Что до сегодняшнего заседания, на нем ничего особенного не было, хоть я и просидел с десяти утра до самого вечера.
Потому что неправда это, сплетни тети Тэрки, будто я «со своим дружком Алджерноном Бёти» *, как ты пишешь, только под утро домой возвращаюсь.
И вчера я тоже в десять вечера лег. Иначе как бы я попал в парламент с утра пораньше?
Врунья она, тетя Тэрка, не верь ей.
За себя-то я не стал бы обижаться, честное слово. Но шельмовать такого скромного, такого достойного и солидного пожилого господина, как мой друг и покровитель Алджернон Бёти, с которым я действительно ужинаю иногда, беседуя о государственных делах и прочих поучительных вещах, — это просто безобразие. Давно пора язычок ей укоротить!

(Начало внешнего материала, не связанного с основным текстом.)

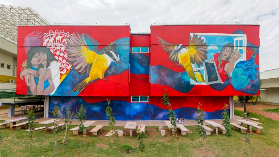 Cores vibrantes e realidade aumentada: artista plástica inaugura mural de 166 m² em Ponta Porã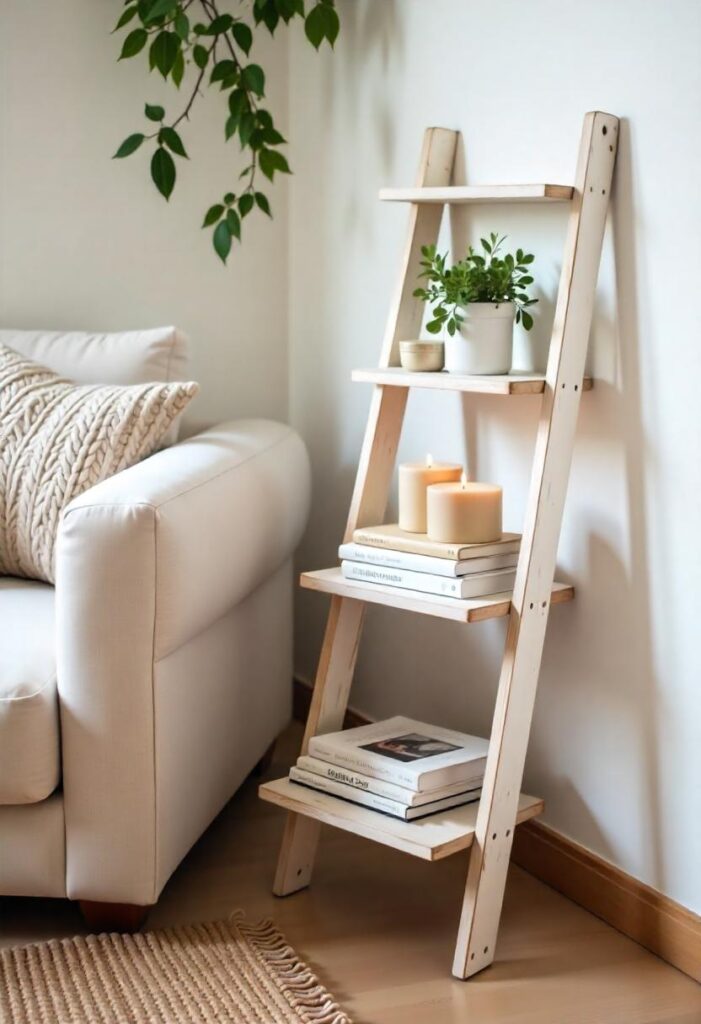 Old ladders can be transformed into multipurpose side tables using minimal alterations. Clean, sand, and paint the frame to match your interior palette. Horizontal steps act as storage for books or decorative objects. Wall-stabilizing brackets ensure safety if leaned rather than freestanding. Choose a ladder height that aligns with adjacent seating. This solution works well in rooms with limited surface area.
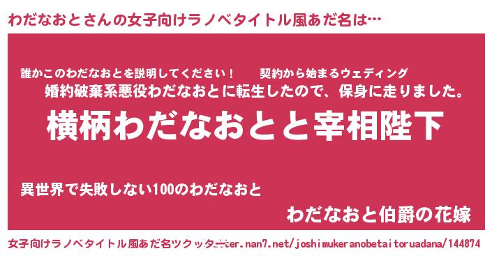 | ファンタジー風あだ名 | 『ワダフェル』『エターナルワダナオトー』 |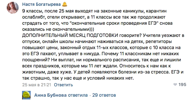Родителей и самих выпускников возмутила задержка оглашения сроков проведения ЕГЭ. День публикации точных дат несколько раз переносили, что нагнетало и без того напряженную ситуацию.

И Хелфи тоже не мешало бы, — слишком уж часто и подолгу он говорит.
Я несколько раз пробовал вставить словечко — ради тебя, Клари, чтобы моя реплика в газеты попала и ты видела, как рано твой муж встает и как деятельно участвует в общественной жизни. Но скоро понял, что его речь не будут публиковать: слишком слабая. Ну и не стал зря расточать красноречие.
После Хелфи встал Дюла Хорват. Он тоже так часто встает, что мог бы вполне и не садиться.

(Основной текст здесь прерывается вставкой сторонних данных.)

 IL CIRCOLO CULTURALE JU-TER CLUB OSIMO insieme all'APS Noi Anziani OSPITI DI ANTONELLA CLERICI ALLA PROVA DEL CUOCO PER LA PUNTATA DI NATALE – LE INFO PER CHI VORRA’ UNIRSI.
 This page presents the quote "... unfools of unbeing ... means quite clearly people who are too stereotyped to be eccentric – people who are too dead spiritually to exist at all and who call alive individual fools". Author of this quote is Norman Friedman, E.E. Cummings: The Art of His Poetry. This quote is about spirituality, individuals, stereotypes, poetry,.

В сегодняшней его речи самый большой эффект произвели умолчания. Это тоже только ему удается. Все ждали, что Хорват разъяснит один намек из своего субботнего выступления, а он вместо этого стал отвечать на блестящую речь графа Бетлена о боксёгском покушении *. Хорват скоро до того дойдет, что министры будут к нему с интерпелляциями обращаться, а не он к ним.

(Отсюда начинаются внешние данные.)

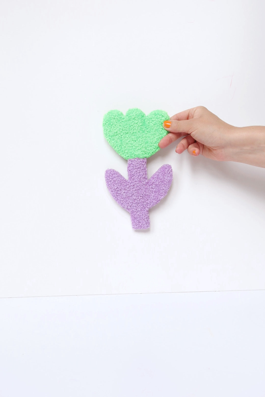 🌸 Blomst - Grøn & Lilla Tekstilkunst

Но вот чего давно не видел наш солнцем залитой зал (жара африканская — и не думай приезжать, Кларика!) — это что среди мамелюков такой доблестный витязь найдется, который отобьет нападение противника. Шандор Хегедюш * сделал это под общий восторг и одобрение. Дивлюсь я, Клари: такой ум, такие познания — и в такой крохотной головке помещаются! (Кстати, о помещении: квартиры я еще не снял, но теперь займусь этим вплотную.)
Хегедюш взял под прицел непостоянство оппозиции: столько про реформы кричала, а теперь о них даже не поминает. Ирония и пафос, логика и лирика причудливо переплетались в его речи, обличавшей тонкого наблюдателя, мастера распутывать передержки.
После него еще Отто Герман выступал интересно. Герман, он тоже не дурак; только мы не доросли до него немножко.
У него большая будущность, как сказал Эдисон — только про никель, а не про Германа. Будущность будущностью, но пока что левые медяками пробавляются.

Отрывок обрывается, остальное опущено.